In this work, basic PU methods are applied to the adaptive filter algorithms which have not been fully addressed in the literature, including CG, EDS, and Constant Modulus Algorithm (CMA) based algorithms. A new PU method, the selective-sequential method, is developed for LSCMA. Mathematical analysis is shown including
convergence condition, steady-state performance, and tracking performance. Computer simulation
with proper examples is also shown to further help study the performance. The performance is compared among different PU methods or among
different adaptive filtering algorithms. Computational complexity is calculated for each PU method and each adaptive filter algorithm. The deficient-length RLS and EDS are also analyzed and compared to the performance of the PU adaptive filter.

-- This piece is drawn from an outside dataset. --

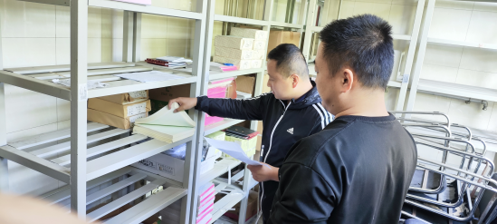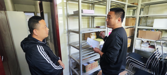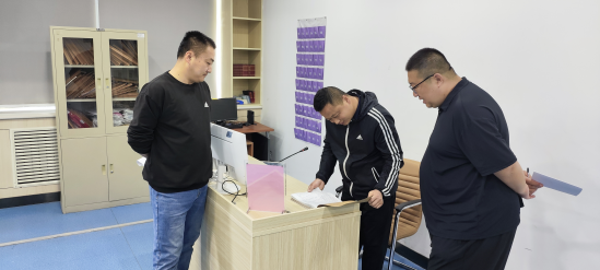 在检查过程中,王永强老师对商学院的各个教学区域、实验室、办公室等进行了细致的检查。他们认真查看了安全设施的配置情况,了解了管理制度的落实情况,并查看了实验室设备使用记录表、开放实验记录表以及教学耗材等材料使用情况,对学院的教学工作进行了全面的了解。

In this dissertation, basic partial-update methods are applied to adaptive filter algorithms including CMA1-2, NCMA, Least Squares CMA (LSCMA), EDS, and CG. A new PU method, the selective-sequential method, is developed for LSCMA. Mathematical derivation and performance analysis are provided including convergence condition, steady-state mean and mean-square performance for a time-invariant system. The steady-state mean and mean-square performance are also presented for a time-varying system. Computational complexity is calculated for each adaptive filter algorithm. Numerical examples are shown to compare the computational complexity of the PU adaptive filters with the full-update filters. Computer simulation examples, including system identification and channel equalization, are used to demonstrate the mathematical analysis and show the performance of PU adaptive filter algorithms. They also show the convergence performance of PU adaptive filters. The performance is compared between the original adaptive filter algorithms and different partial-update methods. The performance is also compared among similar PU least-squares adaptive filter algorithms, such as PU RLS, PU CG, and PU EDS. Deficient-length RLS and EDS are studied. The performance of the deficient-length filter is also compared with the partial update filter. In addition to the generic applications of system identification and channel equalization, two special applications of using partial update adaptive filters are also presented. One application is using PU adaptive filters to detect Global System for Mobile Communication (GSM) signals in a local GSM system using the Open Base Transceiver Station (OpenBTS) and Asterisk Private Branch Exchange (PBX). The other application is using PU adaptive filters to do image compression in a system combining hyperspectral image compression and classification.
Overall, the PU adaptive filters can usually achieve comparable performance to the full-update filters while reducing the computational complexity significantly. The PU adaptive filters can achieve similar steady-state MSE to the full-update filters. Among different PU methods, the MMax method has a convergence rate very close to the full-update method. The sequential and stochastic methods converge slower than the MMax method. However, the MMax method does not always perform well with the LSCMA algorithm. The sequential LSCMA has the best performance among the PU LSCMA algorithms. The PU CMA may perform better than the full-update CMA in tracking a time-varying system. The MMax EDS can converge faster than the MMax RLS and CG. It can converge to the same steady-state MSE as the MMax RLS and CG, while having a lower computational complexity. The PU LMS and PU EDS can also perform a little better in a system combining hyperspectral image compression and classification.